Their purple flowers went translucent in the golden light. I thought back to some of the volunteering sessions when we had been learning about the properties of various plants, and I remembered that marshmallow, like plantain, was known for its mucilaginous quality (that word again). I harvested some leaves and flowers and went home.

I popped the leaves and flowers in a jug of cold water. The following morning was intense. Temperatures were in the low thirties and we were still in the grip of a heatwave. I hadn’t refrigerated the marshmallow water, but I poured myself a small glass.
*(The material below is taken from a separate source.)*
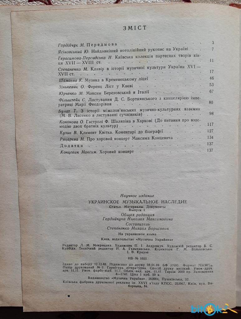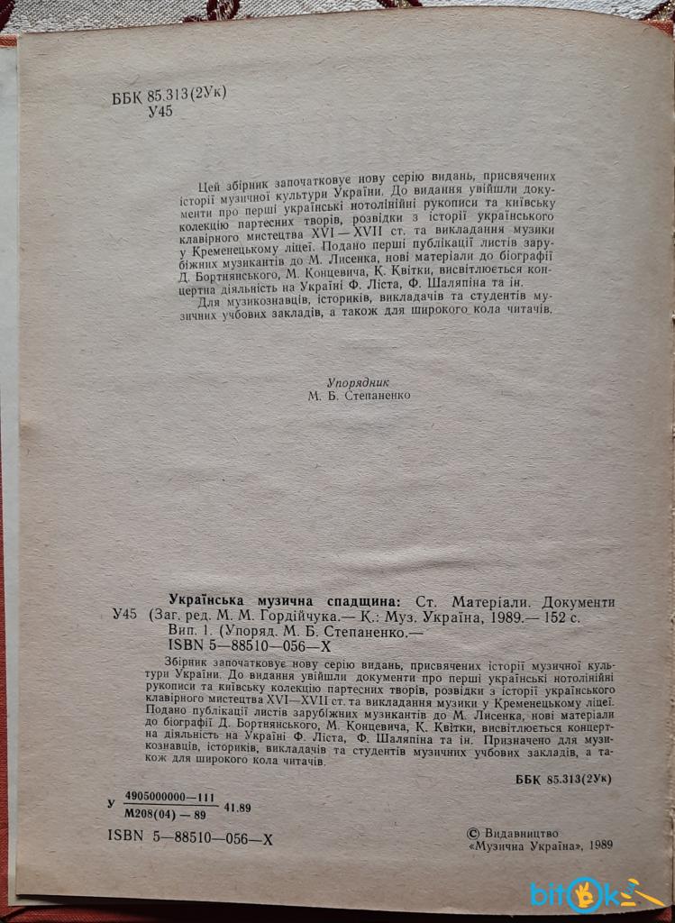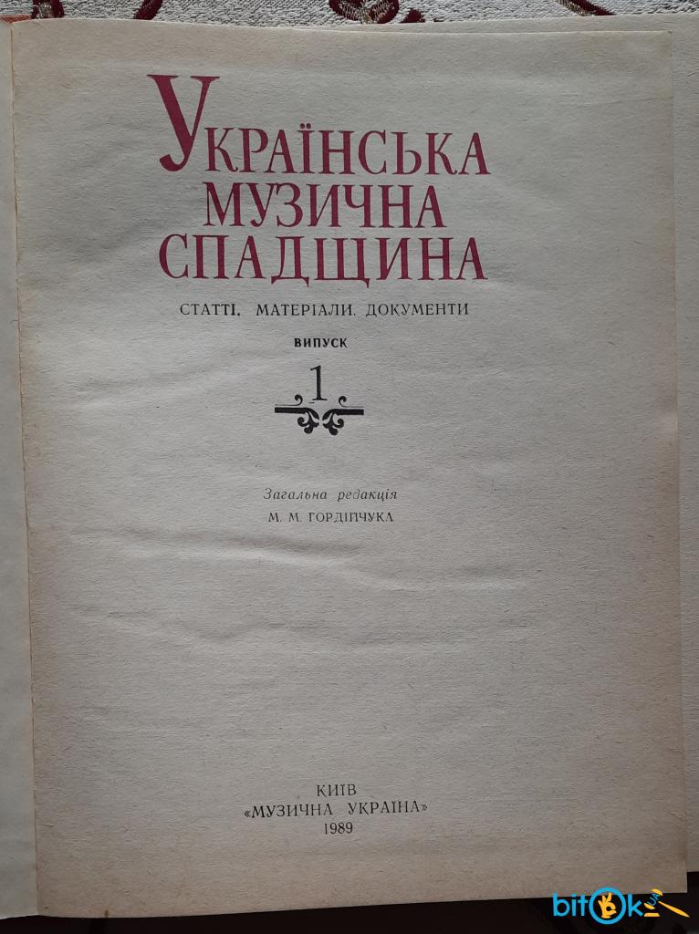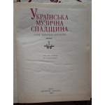 Українська музична спадщина: статті, матеріали, документи, випуск 1, загальна редакція М.М. Гордійчука, наукове видання, Київ: Музична Україна, 1989, 152 стор. Зміст див на фото Тираж 2000
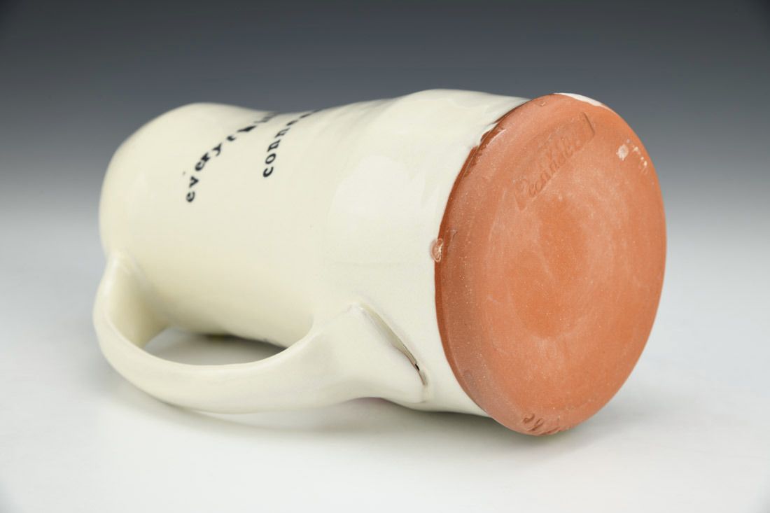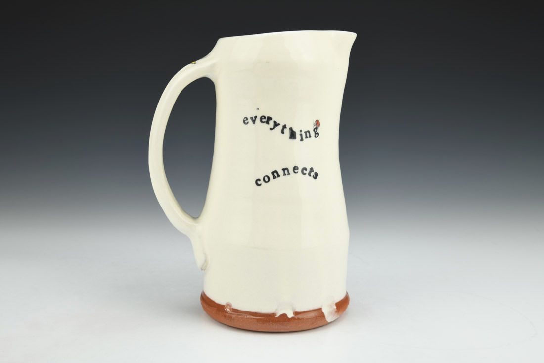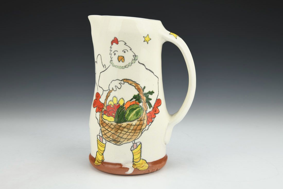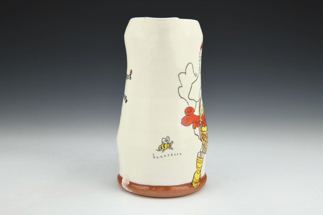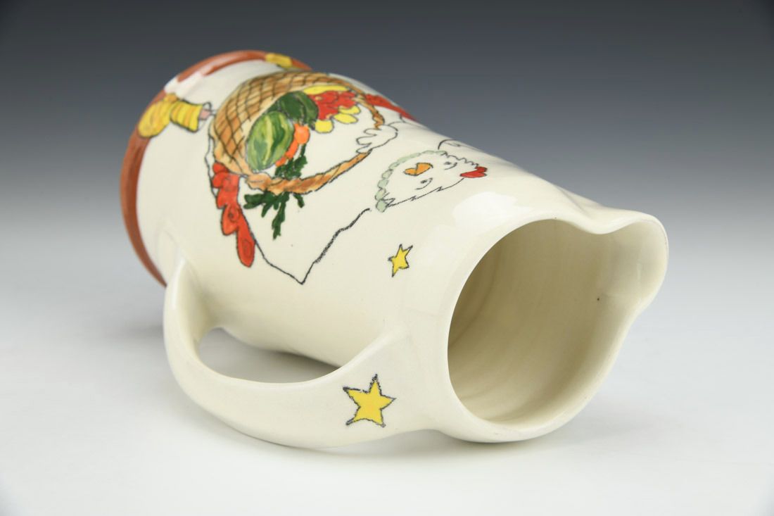 Earthenware, wheel thrown, white slip, ceramic pencil, underglaze, electric fired, 7.25 x 5 x 4.5 inches.

I instantly felt better, cooler, calmer, less frantic about the heat and the rise in global temperatures. Throughout the following days, I kept drinking the marshmallow water and over those days, the plant saved me. Its mucilaginous properties quenched my thirst like nothing else would. Its healing nature did profound work on me. And I realised that without even knowing it, in my time in the Nature Reserve as a complete novice to the world of medicine gardens, I had learned to listen to the plants, to observe them, to think about what I had been taught about their various properties. I had internalised the space. The setting sun had picked out the marshmallow for me. I had listened. And in this simple act, I realised that the benefits of nature, of the plants in our midst are there for us all. It just takes some quiet, some listening, and some trusting in oneself and in the plants themselves. That small discovery for me was huge. It reminded me that if we let nature into us she will reciprocate by inviting us into her. She will say, ‘Come in, come in, I can help you, if you let me’. I am so grateful to the humans and more-than-humans in the Bethnal Green Nature Reserve and all they have given me and all they have allowed me to give in return just by ‘showing up’.